• [Exercise description]: Please repeat exactly the lines from the one containing "In units that" through the last line of the records, both included, and nothing else, leaving out any pictures.

• [Data provided]:
#####
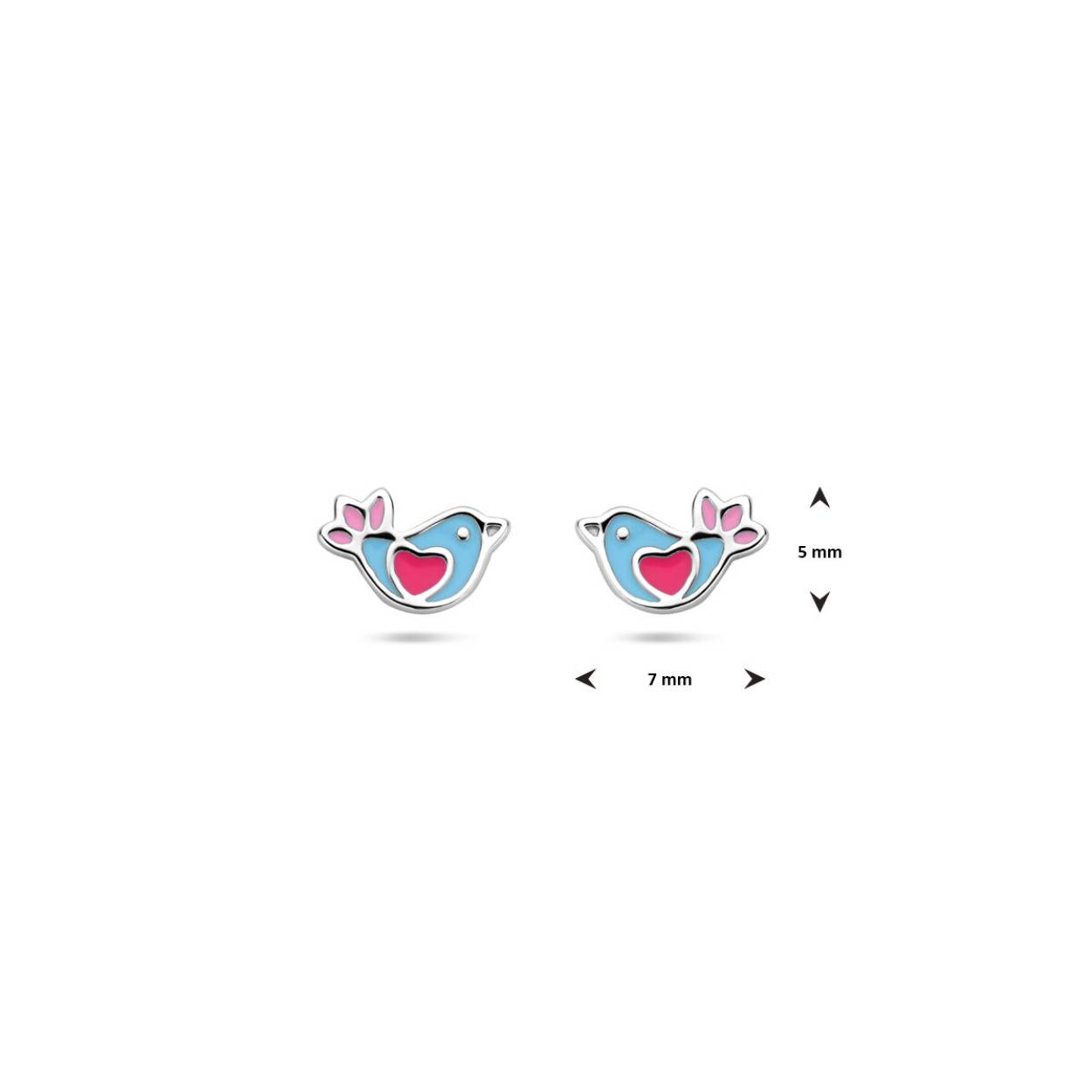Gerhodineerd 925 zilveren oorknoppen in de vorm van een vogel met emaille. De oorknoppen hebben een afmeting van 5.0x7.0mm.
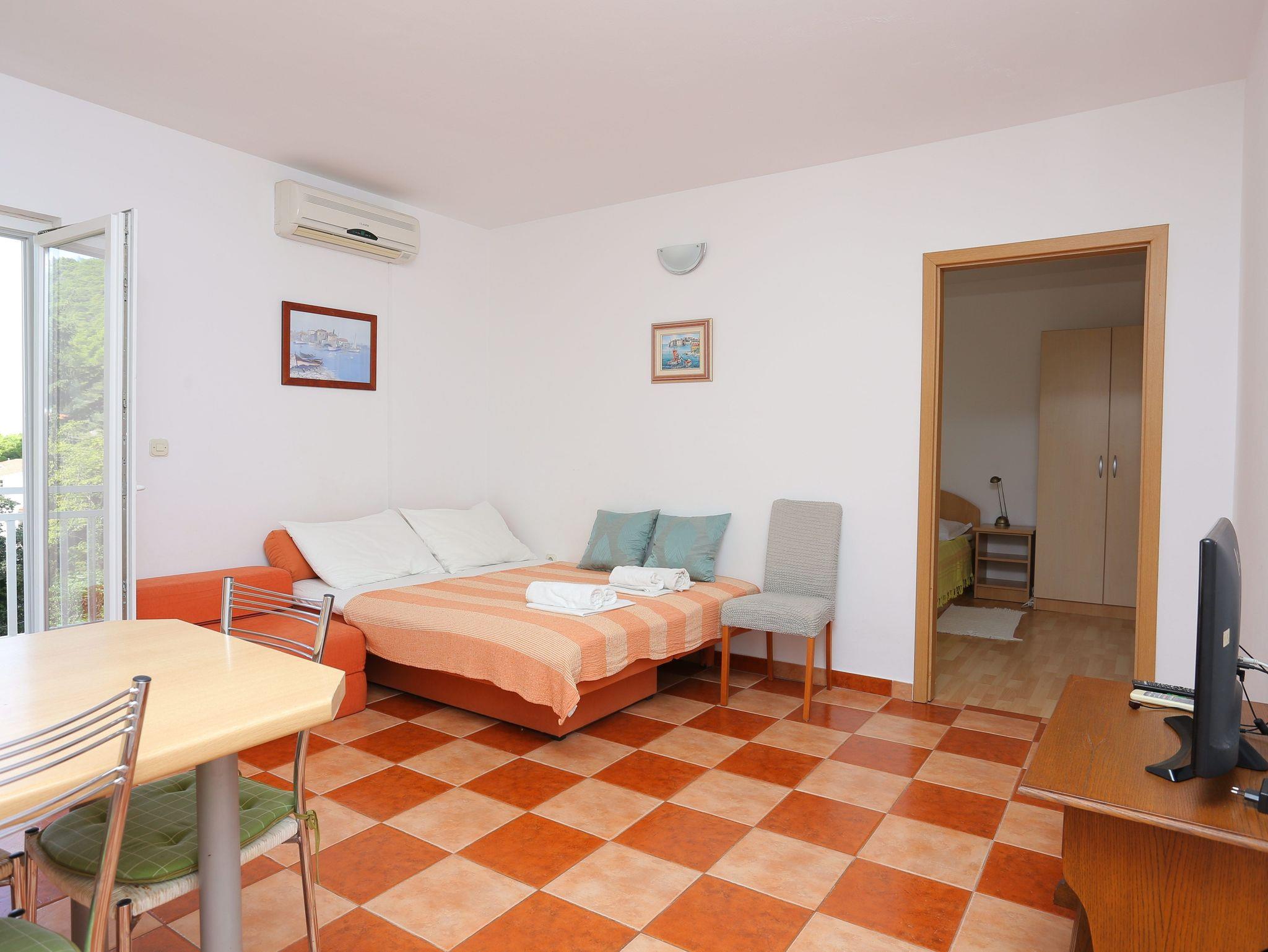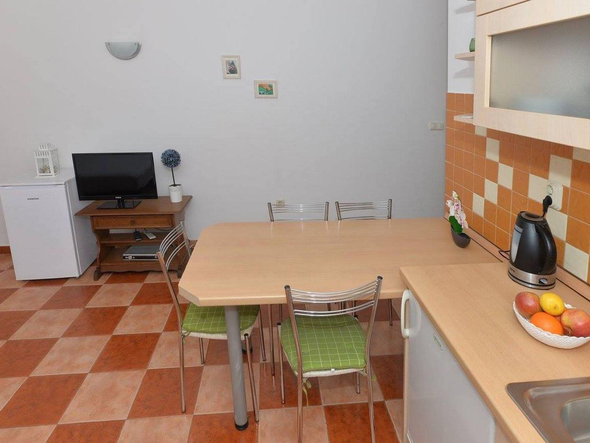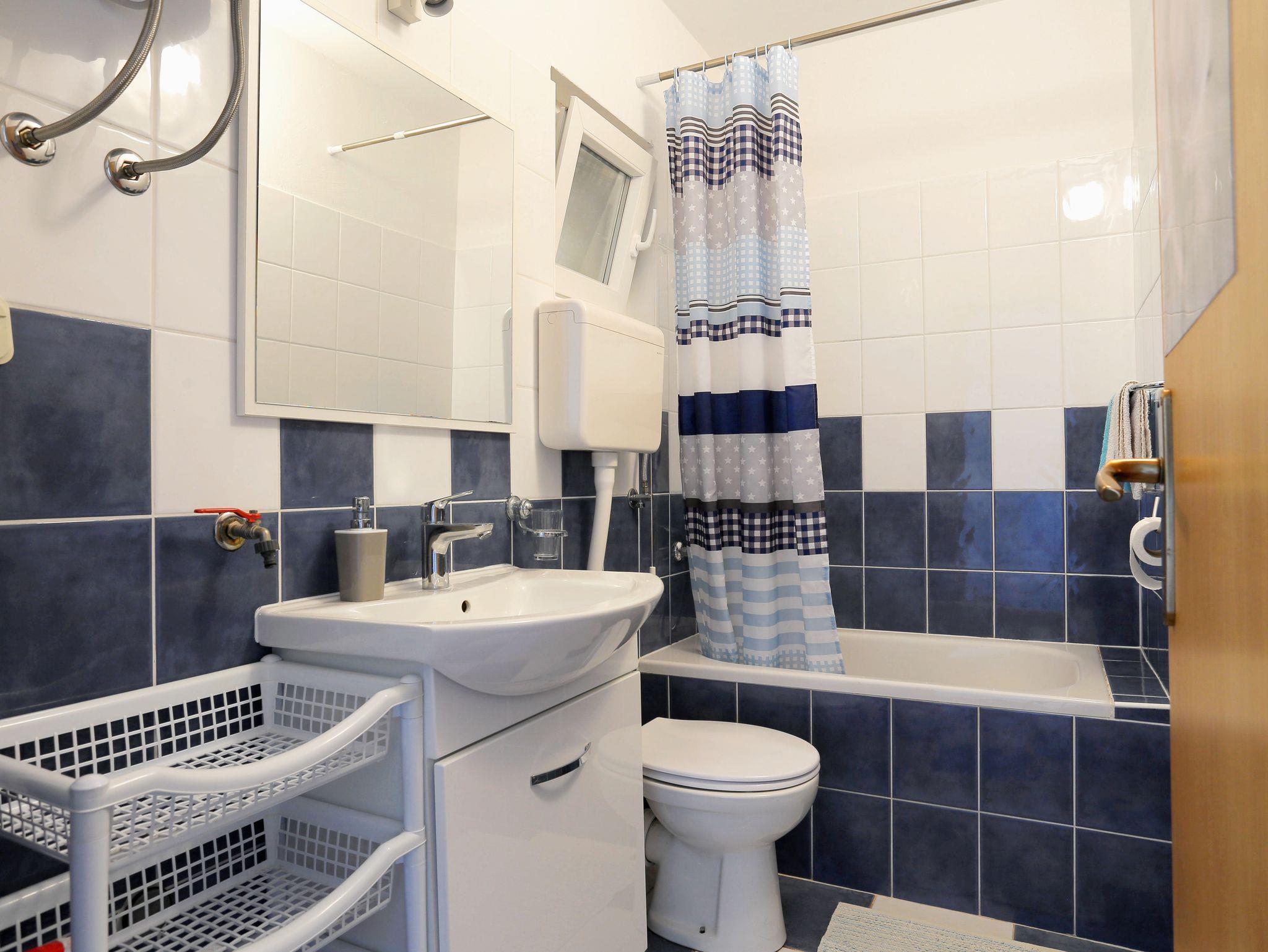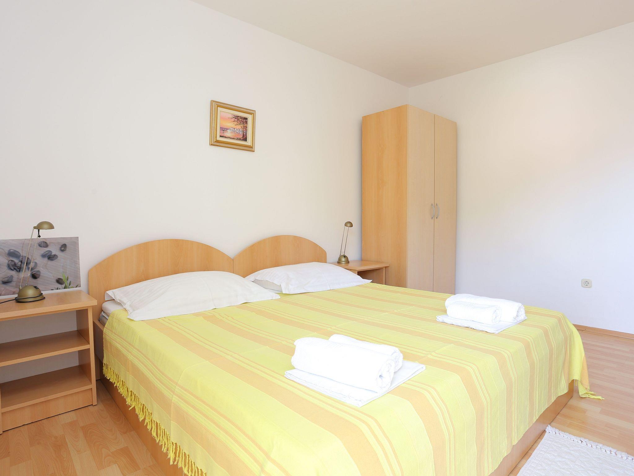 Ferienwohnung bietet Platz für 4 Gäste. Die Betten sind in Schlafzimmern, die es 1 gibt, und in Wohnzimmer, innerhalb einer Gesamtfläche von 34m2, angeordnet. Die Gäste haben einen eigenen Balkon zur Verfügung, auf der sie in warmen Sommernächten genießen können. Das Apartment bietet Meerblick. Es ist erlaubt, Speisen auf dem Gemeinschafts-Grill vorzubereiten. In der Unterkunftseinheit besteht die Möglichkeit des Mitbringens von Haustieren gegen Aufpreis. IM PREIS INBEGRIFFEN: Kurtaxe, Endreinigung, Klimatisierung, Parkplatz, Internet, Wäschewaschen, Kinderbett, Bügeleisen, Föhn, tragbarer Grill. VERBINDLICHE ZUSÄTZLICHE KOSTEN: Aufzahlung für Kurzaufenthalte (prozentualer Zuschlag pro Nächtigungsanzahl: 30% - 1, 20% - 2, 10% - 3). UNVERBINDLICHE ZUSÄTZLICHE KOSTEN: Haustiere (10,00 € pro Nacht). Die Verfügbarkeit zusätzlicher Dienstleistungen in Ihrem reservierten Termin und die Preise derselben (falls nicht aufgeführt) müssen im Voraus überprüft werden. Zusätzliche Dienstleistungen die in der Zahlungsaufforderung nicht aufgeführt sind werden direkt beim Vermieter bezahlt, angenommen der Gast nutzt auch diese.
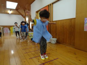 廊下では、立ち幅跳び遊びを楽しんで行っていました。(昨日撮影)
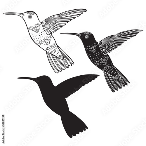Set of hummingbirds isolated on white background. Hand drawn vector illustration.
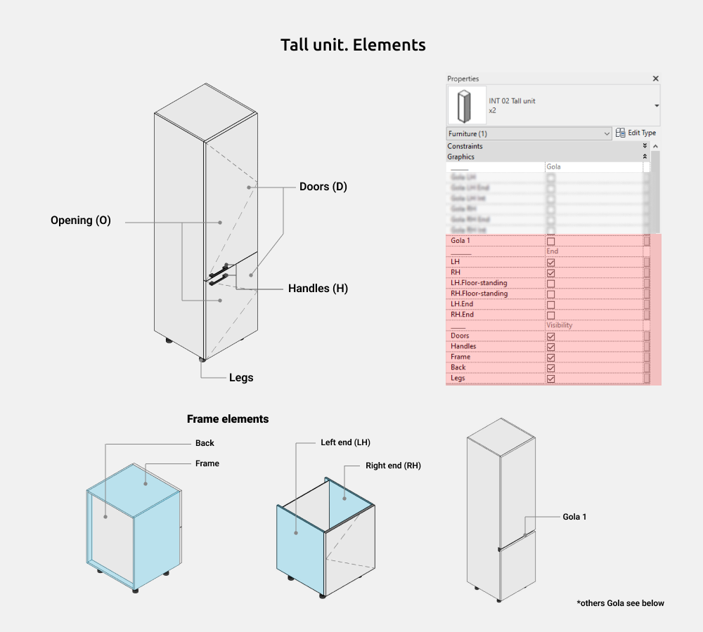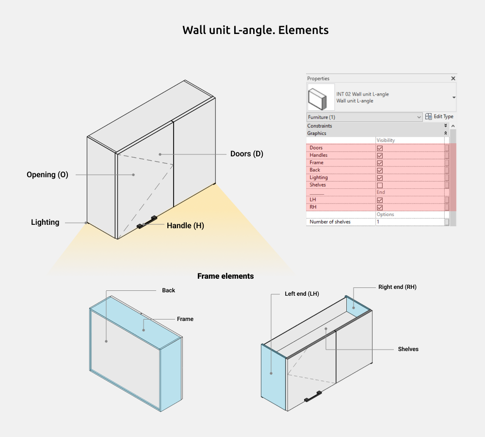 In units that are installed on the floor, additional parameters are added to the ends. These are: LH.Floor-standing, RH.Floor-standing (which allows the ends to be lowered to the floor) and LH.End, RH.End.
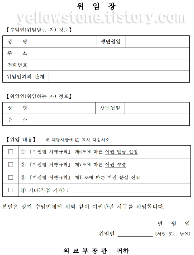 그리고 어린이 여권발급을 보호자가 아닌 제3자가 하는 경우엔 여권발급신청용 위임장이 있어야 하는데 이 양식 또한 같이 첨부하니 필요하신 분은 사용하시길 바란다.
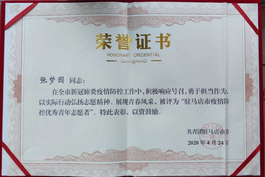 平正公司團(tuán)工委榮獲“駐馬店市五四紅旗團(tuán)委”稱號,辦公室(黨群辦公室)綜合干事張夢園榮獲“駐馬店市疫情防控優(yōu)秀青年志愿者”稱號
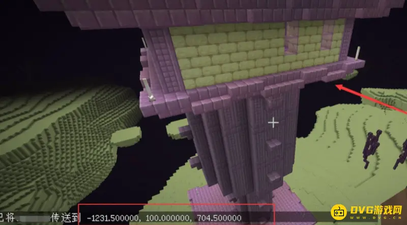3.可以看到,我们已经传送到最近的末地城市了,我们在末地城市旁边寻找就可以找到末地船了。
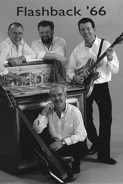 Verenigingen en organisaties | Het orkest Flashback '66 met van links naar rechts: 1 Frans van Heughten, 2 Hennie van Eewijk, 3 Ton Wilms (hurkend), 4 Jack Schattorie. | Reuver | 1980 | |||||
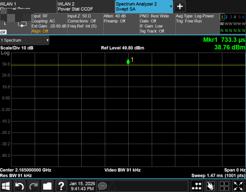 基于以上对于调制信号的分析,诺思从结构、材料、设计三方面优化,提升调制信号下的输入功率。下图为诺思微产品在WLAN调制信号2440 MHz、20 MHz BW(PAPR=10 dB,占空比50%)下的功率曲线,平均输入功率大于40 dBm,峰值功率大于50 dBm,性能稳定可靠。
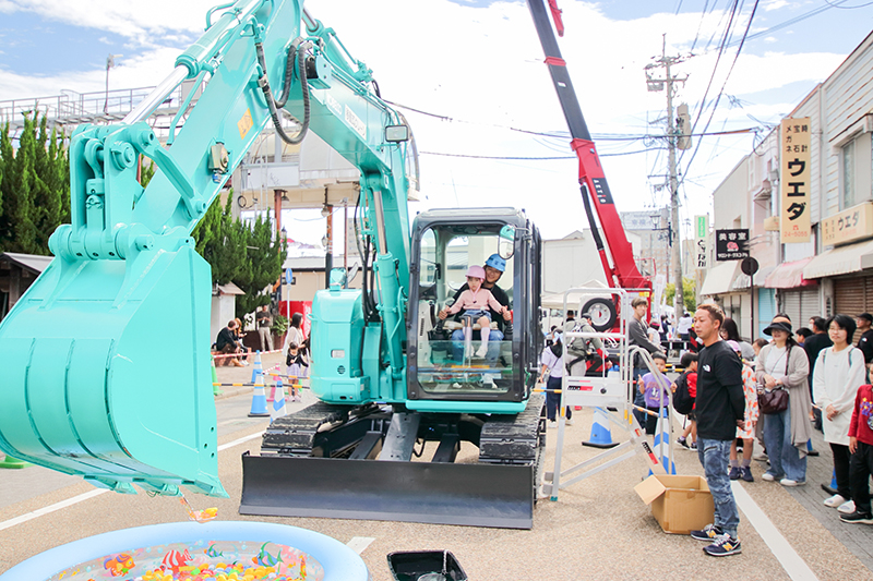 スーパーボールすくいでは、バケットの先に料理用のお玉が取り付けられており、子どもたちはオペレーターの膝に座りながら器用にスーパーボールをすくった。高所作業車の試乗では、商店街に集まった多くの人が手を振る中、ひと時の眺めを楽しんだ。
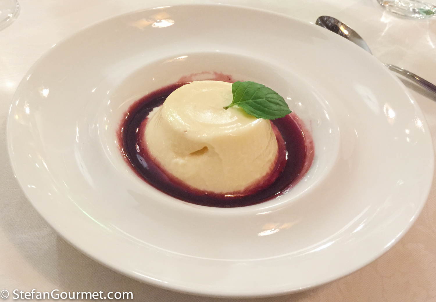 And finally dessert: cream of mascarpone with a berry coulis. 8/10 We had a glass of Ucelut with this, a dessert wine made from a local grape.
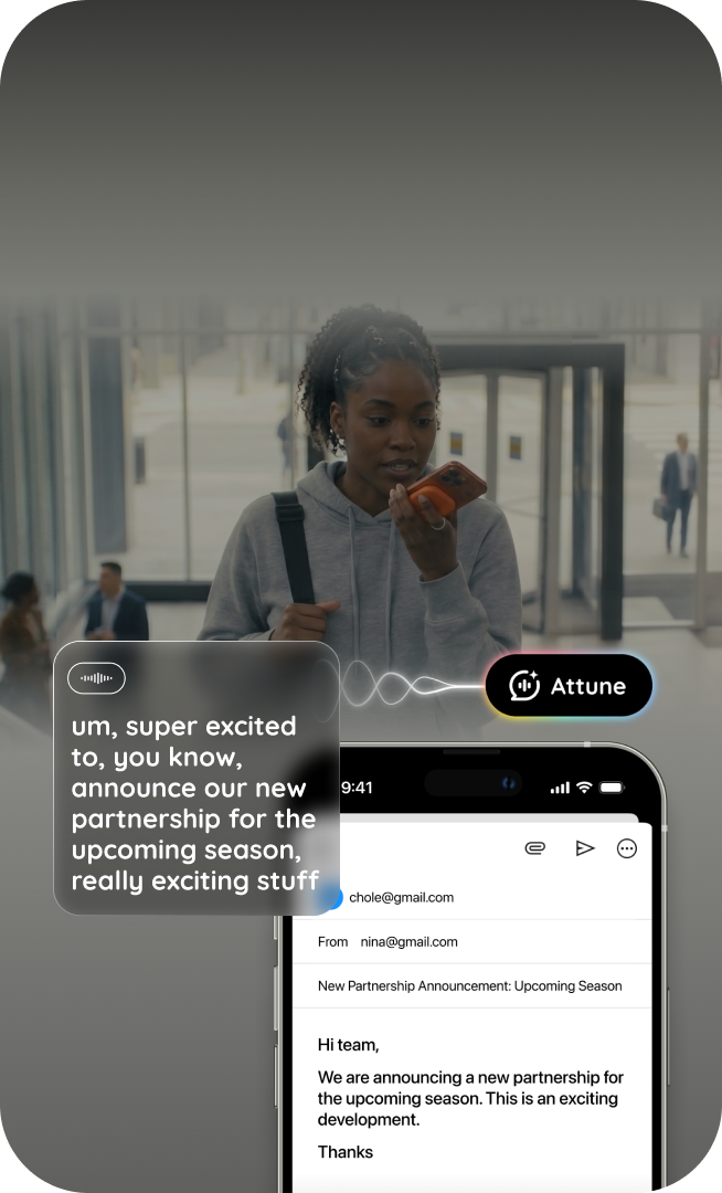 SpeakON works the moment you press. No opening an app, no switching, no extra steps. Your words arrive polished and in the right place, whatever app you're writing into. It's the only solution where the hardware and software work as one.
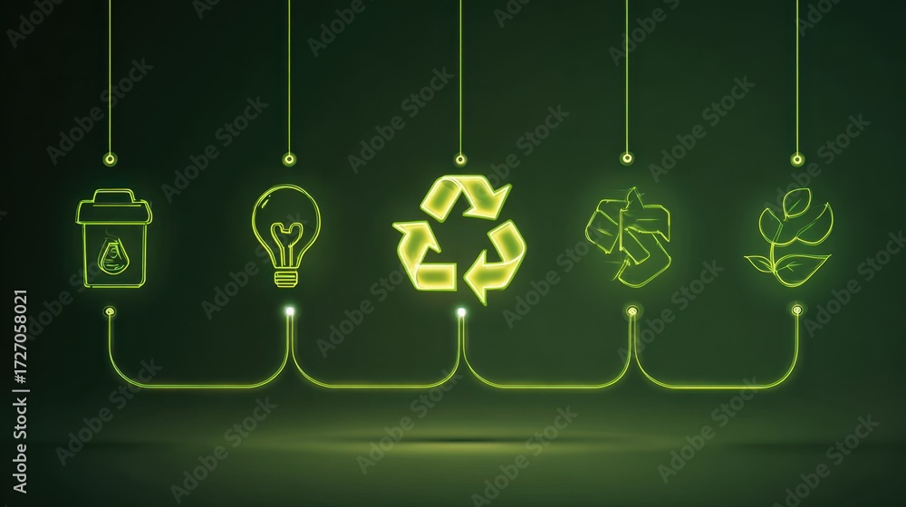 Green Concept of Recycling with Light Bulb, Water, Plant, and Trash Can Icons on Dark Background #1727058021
#####
• [Exercise solution]:
 In units that are installed on the floor, additional parameters are added to the ends. These are: LH.Floor-standing, RH.Floor-standing (which allows the ends to be lowered to the floor) and LH.End, RH.End.
 그리고 어린이 여권발급을 보호자가 아닌 제3자가 하는 경우엔 여권발급신청용 위임장이 있어야 하는데 이 양식 또한 같이 첨부하니 필요하신 분은 사용하시길 바란다.
 平正公司團(tuán)工委榮獲“駐馬店市五四紅旗團(tuán)委”稱號,辦公室(黨群辦公室)綜合干事張夢園榮獲“駐馬店市疫情防控優(yōu)秀青年志愿者”稱號
3.可以看到,我们已经传送到最近的末地城市了,我们在末地城市旁边寻找就可以找到末地船了。
 Verenigingen en organisaties | Het orkest Flashback '66 met van links naar rechts: 1 Frans van Heughten, 2 Hennie van Eewijk, 3 Ton Wilms (hurkend), 4 Jack Schattorie. | Reuver | 1980 | |||||
 基于以上对于调制信号的分析,诺思从结构、材料、设计三方面优化,提升调制信号下的输入功率。下图为诺思微产品在WLAN调制信号2440 MHz、20 MHz BW(PAPR=10 dB,占空比50%)下的功率曲线,平均输入功率大于40 dBm,峰值功率大于50 dBm,性能稳定可靠。
 スーパーボールすくいでは、バケットの先に料理用のお玉が取り付けられており、子どもたちはオペレーターの膝に座りながら器用にスーパーボールをすくった。高所作業車の試乗では、商店街に集まった多くの人が手を振る中、ひと時の眺めを楽しんだ。
 And finally dessert: cream of mascarpone with a berry coulis. 8/10 We had a glass of Ucelut with this, a dessert wine made from a local grape.
 SpeakON works the moment you press. No opening an app, no switching, no extra steps. Your words arrive polished and in the right place, whatever app you're writing into. It's the only solution where the hardware and software work as one.
 Green Concept of Recycling with Light Bulb, Water, Plant, and Trash Can Icons on Dark Background #1727058021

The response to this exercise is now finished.